At the same time, workplace regulation has moved beyond traditional silos. The next phase is characterised by convergence, as mobility in the labour market, integrity in pay and entitlements, workplace health, safety and wellbeing, and privacy and the use of technology are increasingly regulated as interconnected systems. As these issues converge, boards and senior leaders will be judged less on the mere existence of on-paper policies and more on whether their governance, data and control frameworks operate effectively in practice.

Three interrelated themes are now shaping regulatory expectations around technology at work. First is transparency and consultation – the expectation (and sometimes, the legal imposition) that workers understand what data is monitored and collected about them, how automated or AI-supported decisions are made and how they can be challenged. Second is fairness and bias. Automated screening and performance management and productivity tools must be explainable and auditable for discriminatory outcomes, particularly where they influence pay, progression or termination decisions. Third is health and safety, where intrusive surveillance and pace‑setting software can be psychosocial hazards in their own right. 

These strands are no longer regulated in isolation. Recent developments, such as NSW provisions enabling WHS entry permit holders (with notice) to require reasonable assistance to access and inspect digital work systems relevant to suspected contraventions, illustrate how deeply technology governance now intersects with safety obligations. SafeWork Australia has also identified AI, automation and new forms of work as sources of potential new WHS risks, signalling further regulatory action ahead. The next phase will reward organisations that treat these issues as a single governance challenge – mapping data flows end‑to‑end, allocating clear ownership for model and system performance, and aligning privacy, discrimination and WHS controls within an integrated governance framework that can be demonstrated in practice. 

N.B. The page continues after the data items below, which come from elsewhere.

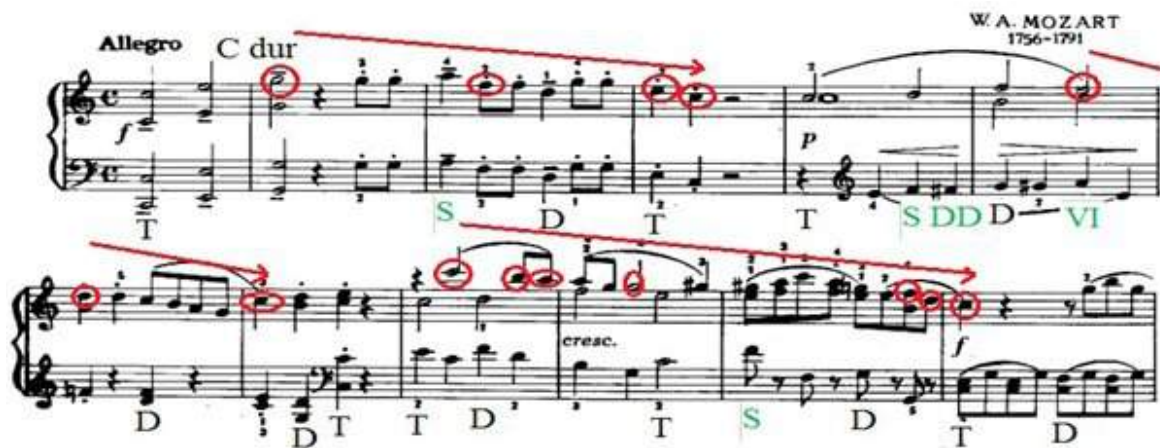
Рис. 1. Отрывок сонатины Моцарта До мажор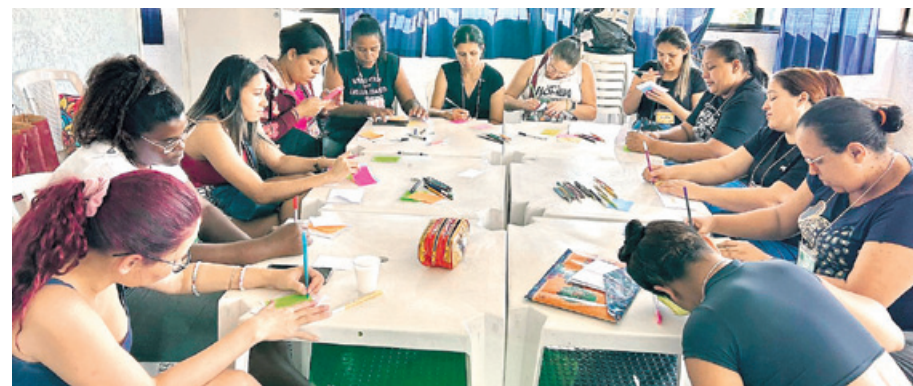
Grupo de apoio à jovens mulheres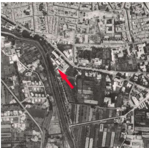
Stralcio foto 1971

prot. gen. n. 2077/69, 22544/69, 14498/71, 62546/86, 62545/86, Fascicolo n. 46278/1999, 40600/00, 33175/01, 38743/07, 44500/07 e 79395/10; fascicolo n. 11115/00 e 61611/05, prot. gen n. 59250/09 risulta depositato presso gli Uffici comunali, ma al momento irreperibile. Poiché i locali dell'Archivio sono stati resi inagibili dagli eventi alluvionali del maggio 2023, al momento sono indisponibili/irreperibili. (ved. All.11 Comunicazione Servizio edilizia) . Per quanto riguarda la verifica di legittimità specificatamente riferita all'unità immobiliare catastalmente identificata al Fg.200 particella 1009 sub.17, non essendo possibile verificarne la presenza attraverso l'esame dei titoli edilizi, si è provveduto all'acquisizione delle foto aeree storiche onde verificarne l'esistenza al 1971 (come richiesto dalle linee guida del Comune): dall'esame delle foto aeree storiche (vedere sotto) si è potuta accertarne l'esistenza anche se non è possibile determinarne compiutamente caratteristiche, consistenza e dimensioni.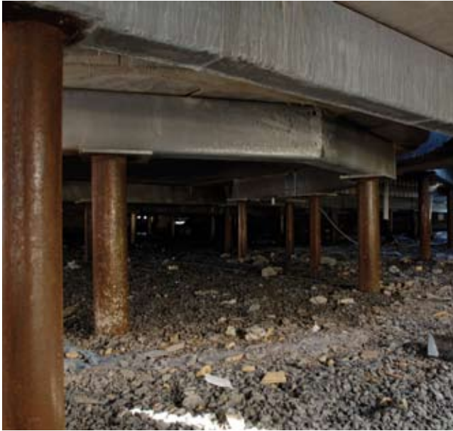
Kuva 3. Tässä kohteessa maakosteuden nousu rakenteisiin ja radonkaasun tunkeutuminen sisätiloihin on estetty pilariperustuksella.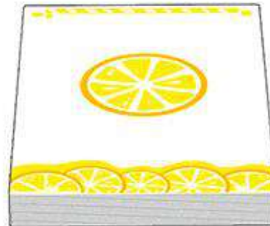
25 карт лимонів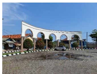
Gambar 7. Area Parkir Masjid Agung Al-Maburr, 2024

Mihrab dalam arsitektur masjid yang berfungsi sebagai pertanda arah kiblat merupakan inovasi arsitektur islam yang memiliki dimensi sosial budaya. Pada umumnya mihrab di rancang dengan memperlihatkan ketinggian derajat suatu kaum dan dihiasi ornament kaligrafi beraneka ragam bentuk maupun materialnya. Desain Mihrab Masjid Agung Al- Maburr berwarna krem atau coklat muda di hiasi dengan 12 ornamen bunga, perpaduan garis vertikal – horizontal yang terkesan elegan yang dapat menciptakan suasana yang tenang dan damai. 7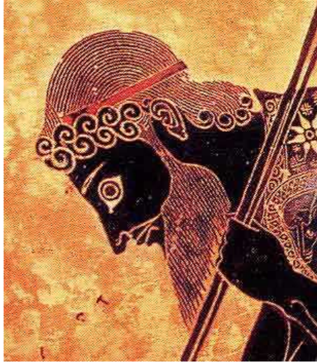
Aiax filius Telamônis. Imago vasis ab Exêciâ picta.

Mythi Classicae Antiquitatis a Gustavo Schwab Theodiscê narrati, a Nicolao Groß Latinê redditi.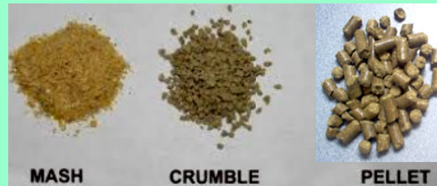
Makanan Ayam / Ternakan Proses (Pellet)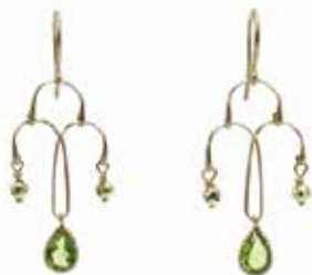
GD-3023K10-PE K10YG/ペリドット4×6PS H32mm×W12mm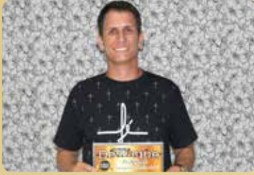
Ouro Verde - Destaque no segmento de Paisagismo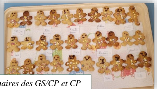
Créations culinaires des GS/CP et CP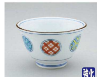
⑰ KY6-27 丸紋反干茶 [SMTT-H0] 納 画 記 17-1166-1701 ¥2,100 サイズ:φ92×H56 160cc 磁器製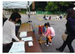
新入生の体験教室 「スタンプラリー」の受付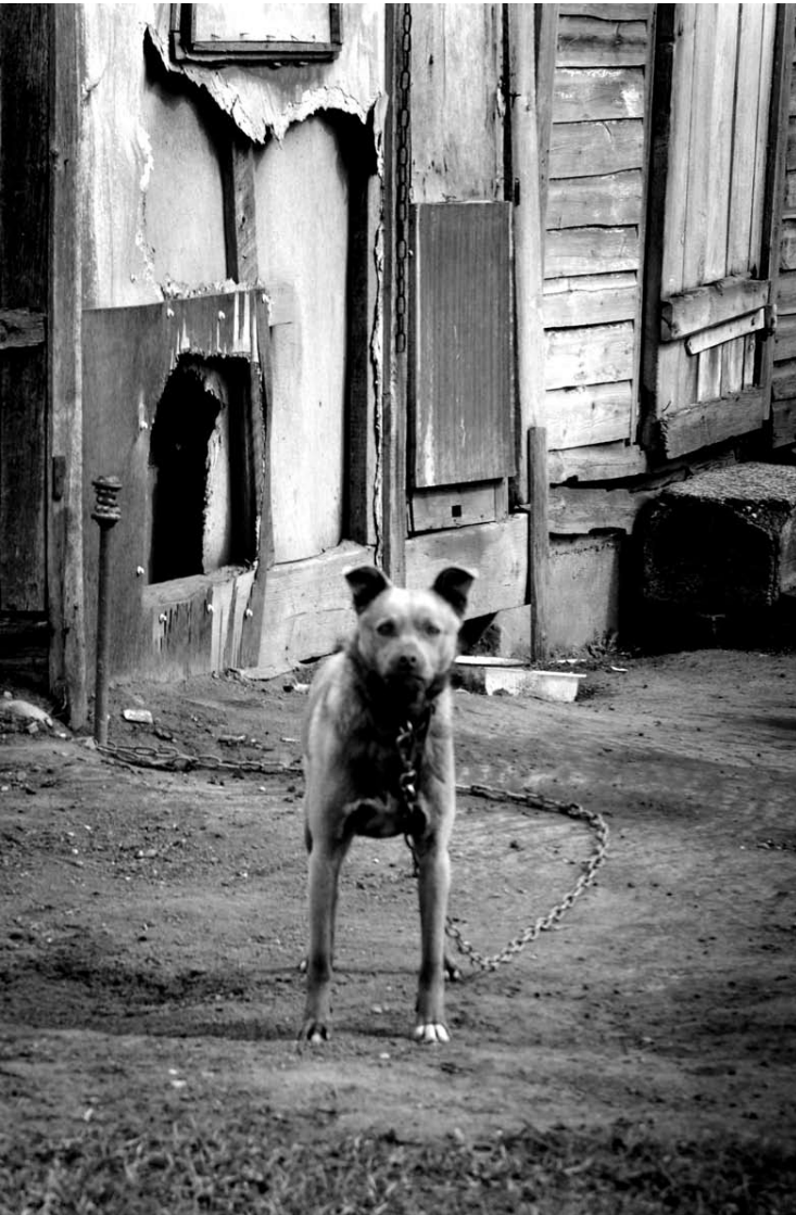
Šeimnininko jis nebesulauks, vargu, ar greitai sulauks ir šeimninkės...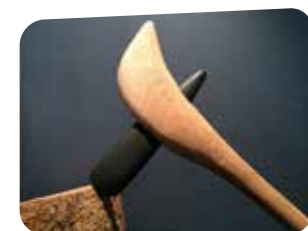
Lame de hache en pierre polie emmanchée dans un manche de bois.

Après 2 000 ans d'exploitation, les carrières de Plussulien ont été peu à peu abandonnées, supplantées par une découverte révolutionnaire qui marque le passage à un nouvel âge : l'outillage métallique, en bronze puis en fer.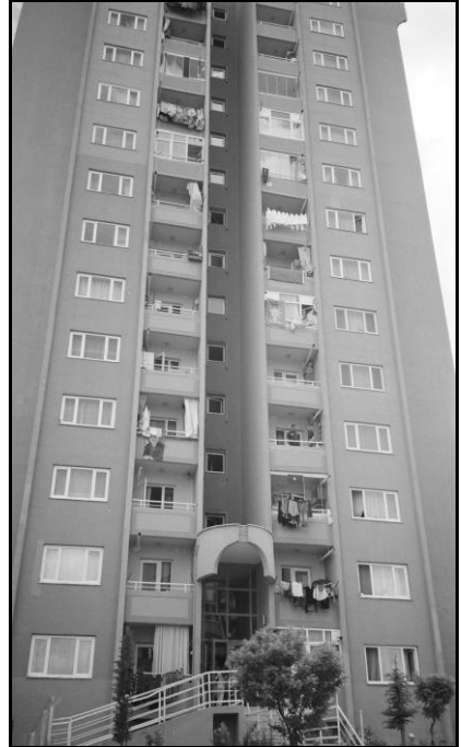
Resim 8: Sitedeki bir bloğun genel görünümü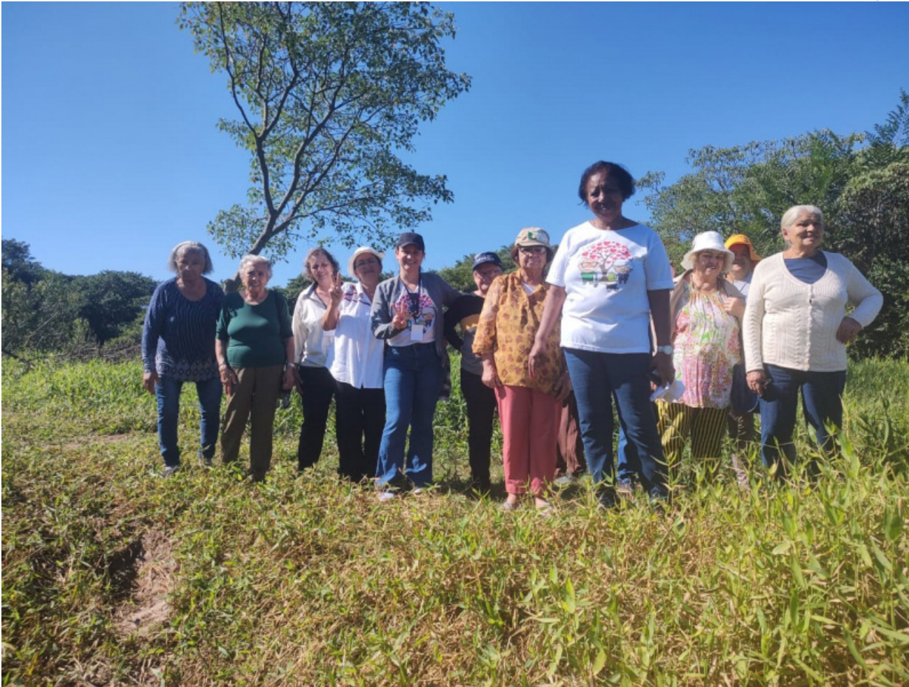
Integrantes do CCI em visita ao Parque Estadual do Aguapeí, nesta segunda-feira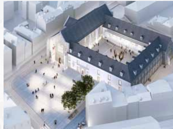
Vue aérienne sur le parvis et l'entrée principale du musée des Jacobins

Le projet du nouveau musée vise à doter la ville de Morlaix d'un équipement culturel dynamique ayant pour but l'éducation artistique et culturelle mais également l'étude, la conservation et la mise en valeur de sa collection composée de ses deux ensembles majeurs, peinture du XVI e au XXI e siècle et arts populaires, à travers l'histoire du territoire sur lequel il est implanté.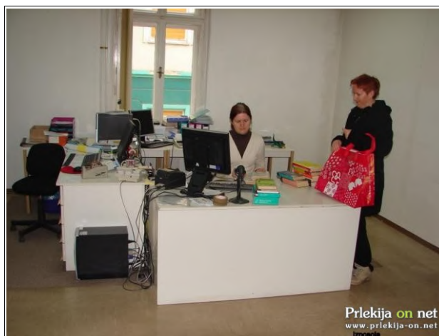
Začasna izposojevalnica

Največji pridobitvi te preureditve bosta domoznanska zbirka v enem prostoru, saj je bila doslej ta zbirka locirana na treh lokacijah, nekaj eksponatov je bilo tudi uskladiščenih in nova, večja in svetlejša čitalnica, ki jo bo mogoče na hitro preurediti v prireditveni prostor za predstavitve, pravljíčne urice, predavanja ipd. Pri teh izvedenih delih so bili skrajno gospodarni, veliko večino del so opravili sami, sami so preplekali tudi prostore.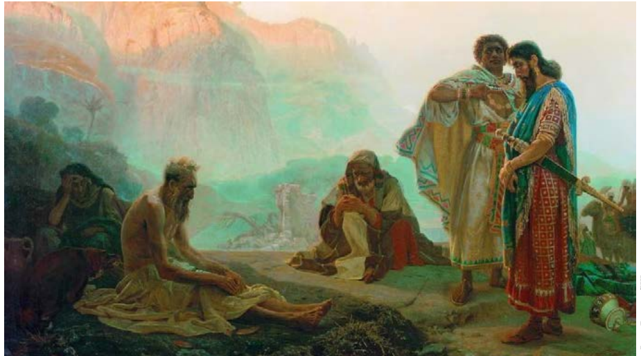
Job och hans vänner.

människor. Jesus sa till Nikodemus: Så älskade Gud världen att han utgav sin enfödde Son, för att var och en som tror på honom inte skall gå förlorad utan ha evigt liv (Joh 3:16). Aposteln Johannes skriver: [Jesus] är försoningen för våra synder, och inte bara för våra utan också för hela världens (1 Joh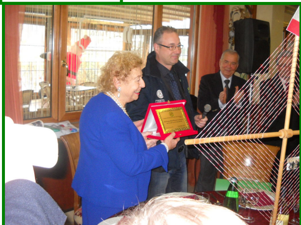
Consegna della targa ricordo dell'A.Ra.C.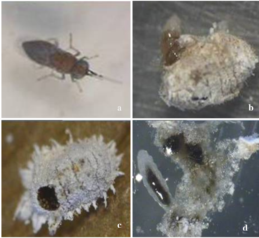
Şekil 1. Ergin Anagyrus pseudococci dişi (a), parazitoit çıkışı (b) mumyalaşmış unlubit ve parazitoit çıkış deliği (c), parazitoitin kapsüllenmiş yumurtaları ve sağlıklı larvası (d).

*Aynı sütundaki farklı harfler arasındaki fark istatistiki olarak önemlidir (P<0.01).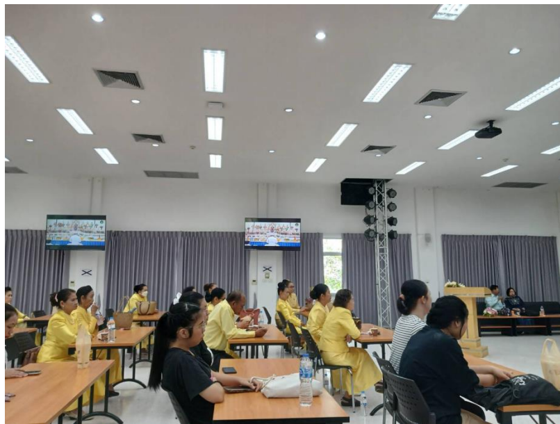
ภาพที่ 4 กิจกรรมวันที่ 9 มีนาคม 2567 ผู้เข้าร่วมฟังอภิปรายความสำคัญของพิธีไหว้ครูนาฏศิลป์ และการรำเพลงหน้าพาทย์ประกอบพิธีไหว้ครูนาฏศิลป์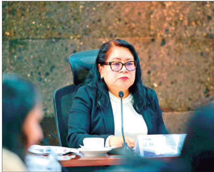
PARTICIPACIÓN. En la mesa de seguridad también concurrieron la Guardia Nacional y la Secretaría de la Defensa Nacional.

"En los recorridos, desde que el INE inició con los trabajos preparatorios de la jornada electoral, hemos contado con el apoyo y el acompañamiento de la Secretaría de Seguridad Pública del Estado, en recorridos de ubicación de ca-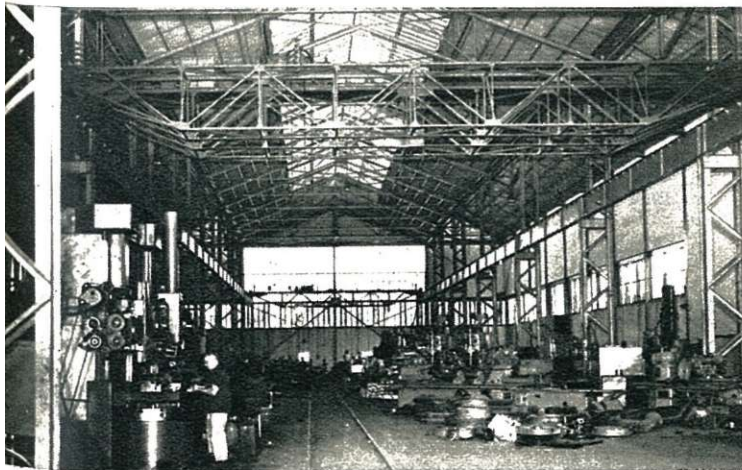
Werkplaatsen te Lourenço Marques.

De spoorwegtractie wordt verzekerd door stoommachines en, sedert twee jaar, door diesel-hydraulische locomotieven.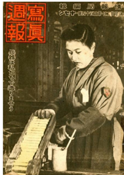
1944年3月22日発行の第314号

表紙に関連した女性の労働についての見開き記事には、「工場があなたの花嫁学校だ。」「あなたの身も心も決戦乙女に生まれ変わっていく。」の言葉が盛り込まれており、当時の国策や国民の暮らしを知ることができる貴重な資料である。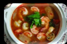
22. Yom yang kuung Thaise Tom Yom kung

AI in recruitment and workforce management

The regulatory net around AI at work is tightening rapidly, particularly in recruitment and workforce management. From 10 December 2026, amendments to the Privacy Act 1988 (Cth) will require APP entities to disclose the use of automated decision-making in their privacy policies, capturing AI-driven recruitment screening, performance evaluation and algorithmic management tools. While the employee records exemption offers some relief, its scope is limited and does not extend to recruitment processes or the management of contractors and labour hire workers. With AI-enhanced recruitment reportedly used by a significant proportion of Australian organisations, the resulting uplift in compliance, transparency and governance expectations will be significant.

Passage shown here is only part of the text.